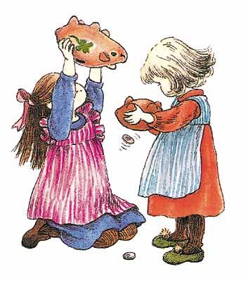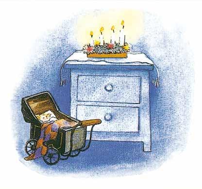 Och de skakar sina spargrisar och hör att det låter som mycket pengar i dem. Av det där skramlet ska det bli julklappar, det är därför det skramlar så trevligt. De har en almanacka på väggen i barnkammaren. Varje morgon rycker de bort ett blad och vet att nu är det en dag närmare jul.
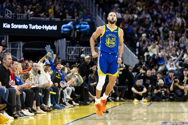 当库里进入状态时,对手不敢给他一丝一毫的出手空间,否则就会被迅速惩罚,因此库里排在榜首实至名归也并不让人意外。
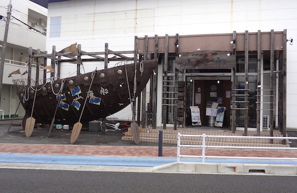 右側には船のオブジェが。居酒屋(とれたて酒場 山海船)の看板だった。
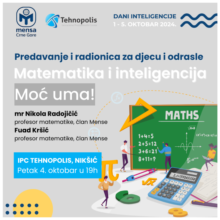 Dani inteligencije 2024, Mensa-novosti Predavanje i radionica “Matematika i inteligencija: Moć uma!” u Tehnopolisu 26/09/2024 by mensaadmin

### What you are asked to do
Nothing but the lines from the one containing "右側には船のオブジェが。居酒屋(とれたて酒場 山海船)の看板だった。" through the end of the listing should be printed, each exactly as it appears and without pictures.

### Result of this exercise
 右側には船のオブジェが。居酒屋(とれたて酒場 山海船)の看板だった。
 Dani inteligencije 2024, Mensa-novosti Predavanje i radionica “Matematika i inteligencija: Moć uma!” u Tehnopolisu 26/09/2024 by mensaadmin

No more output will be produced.